| Goal of the exercise |
The range to repeat runs from the line with "揭牌仪式结束后,徐医附院麻醉" to the last line below, both ends included; give it exactly and without pictures.

| Input data |
Content starts
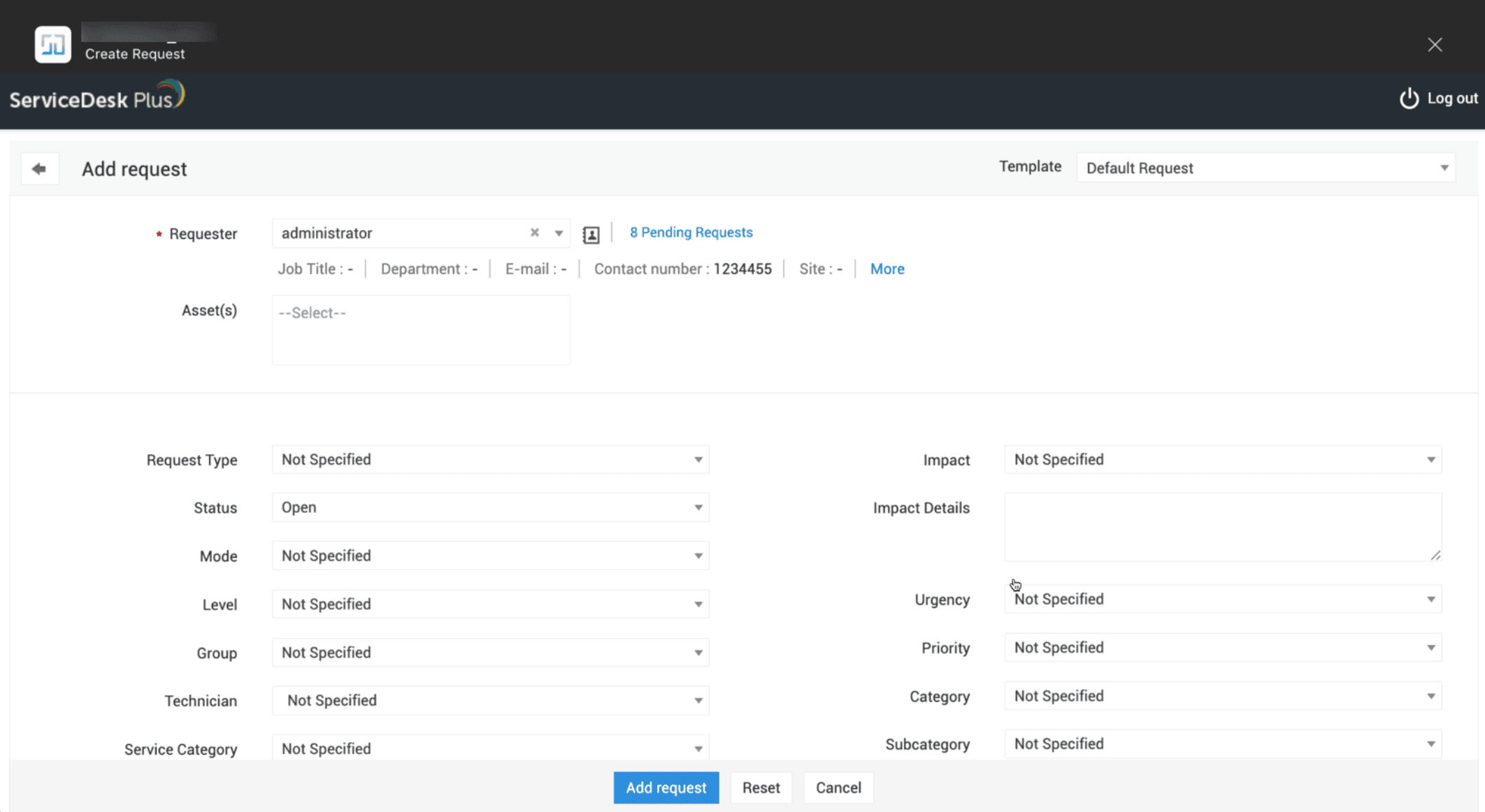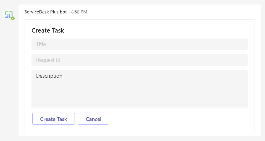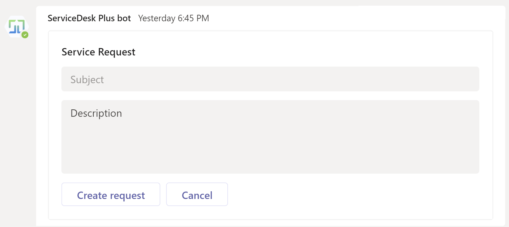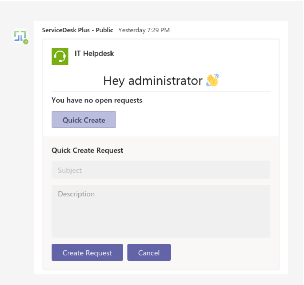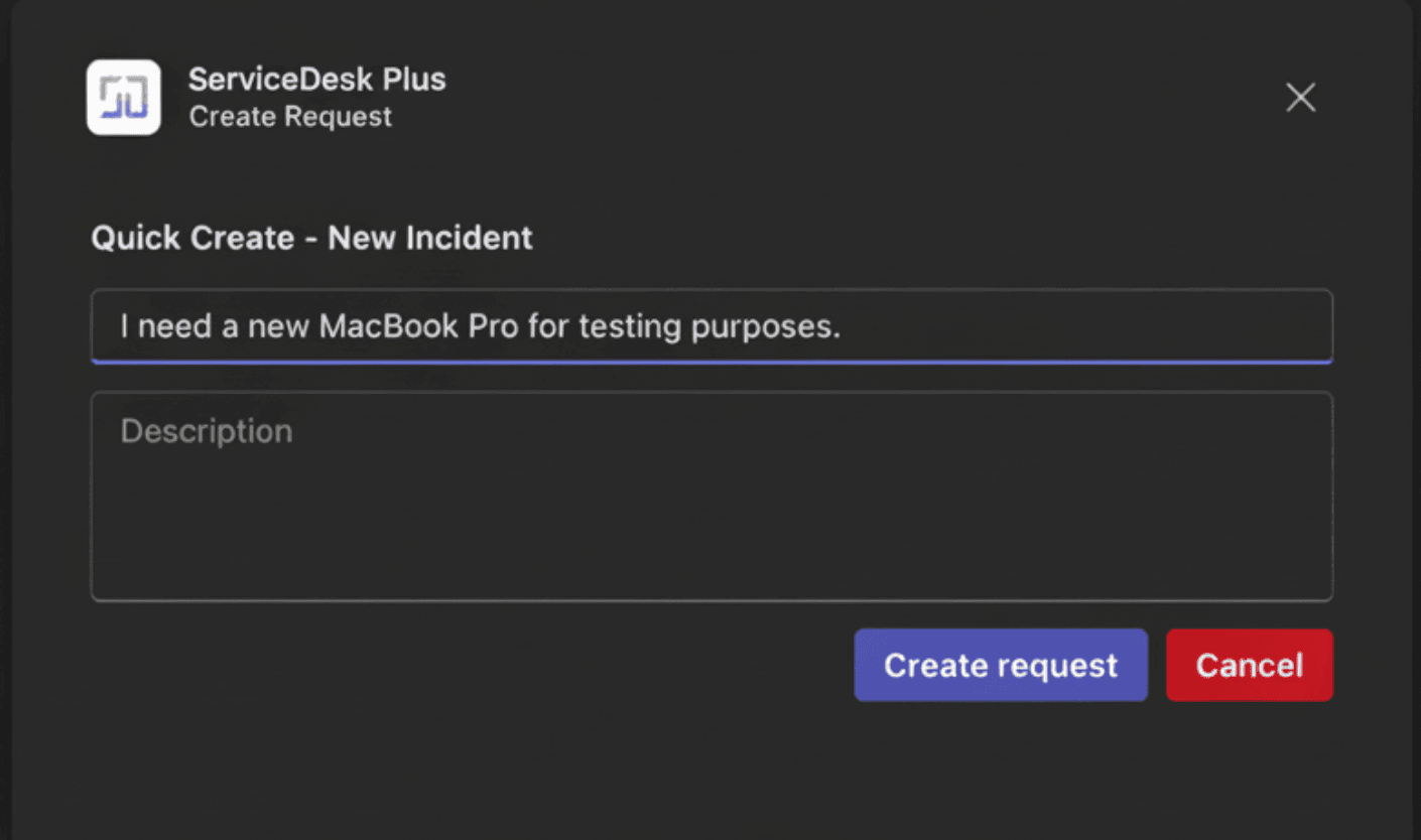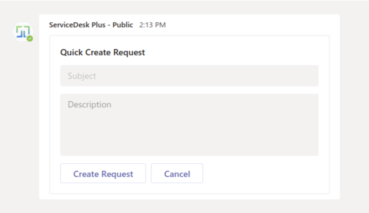 您可以使用快速创建功能,在 Microsoft Teams 内部直接在 ServiceDesk Plus 中创建请求。此功能的工作方式与 ServiceDesk Plus 中的快速创建功能相同。
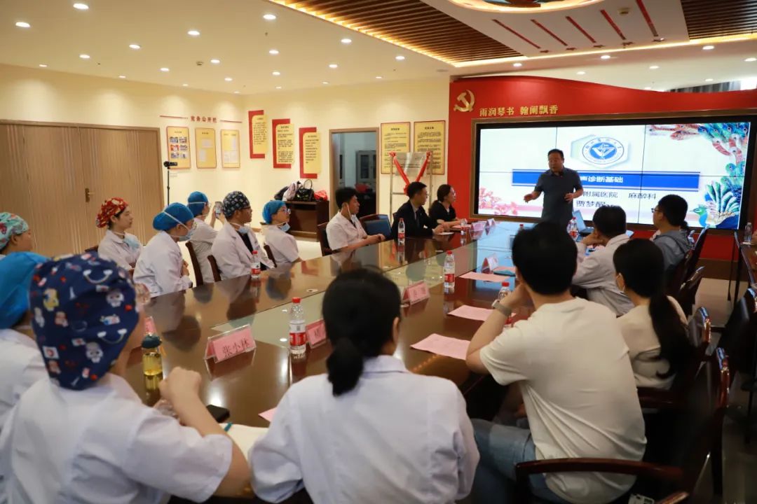 揭牌仪式结束后,徐医附院麻醉科驻睢专家贾梦醒教授分别以《超声基础》、《超声引导下外周静脉通路穿刺置管术》为题进行授课,他结合临床麻醉和护理实际工作,深入浅出地讲解超声基础知识,从超声的基础物理知识到超声仪器的原理;超声声像图的解读和超声仪器的使用与维护,让大家对超声的基础知识有了深入的了解。同时从静脉的解剖结构到超声下动静脉的声像图解读;超声引导下外周静脉穿刺到深静脉穿刺,详细讲解了我院开展超声引导下外周静脉通路的培训过程。
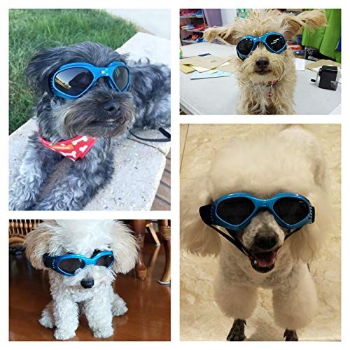 PEDOMUS Occhiali da Sole per Cani, Cinghie Regolabili per Occhiali da Sole UV, Protezione Impermeabile per Cani di Piccola e Media Taglia Blu
Content ends
| Output of the exercise |
 揭牌仪式结束后,徐医附院麻醉科驻睢专家贾梦醒教授分别以《超声基础》、《超声引导下外周静脉通路穿刺置管术》为题进行授课,他结合临床麻醉和护理实际工作,深入浅出地讲解超声基础知识,从超声的基础物理知识到超声仪器的原理;超声声像图的解读和超声仪器的使用与维护,让大家对超声的基础知识有了深入的了解。同时从静脉的解剖结构到超声下动静脉的声像图解读;超声引导下外周静脉穿刺到深静脉穿刺,详细讲解了我院开展超声引导下外周静脉通路的培训过程。
 PEDOMUS Occhiali da Sole per Cani, Cinghie Regolabili per Occhiali da Sole UV, Protezione Impermeabile per Cani di Piccola e Media Taglia Blu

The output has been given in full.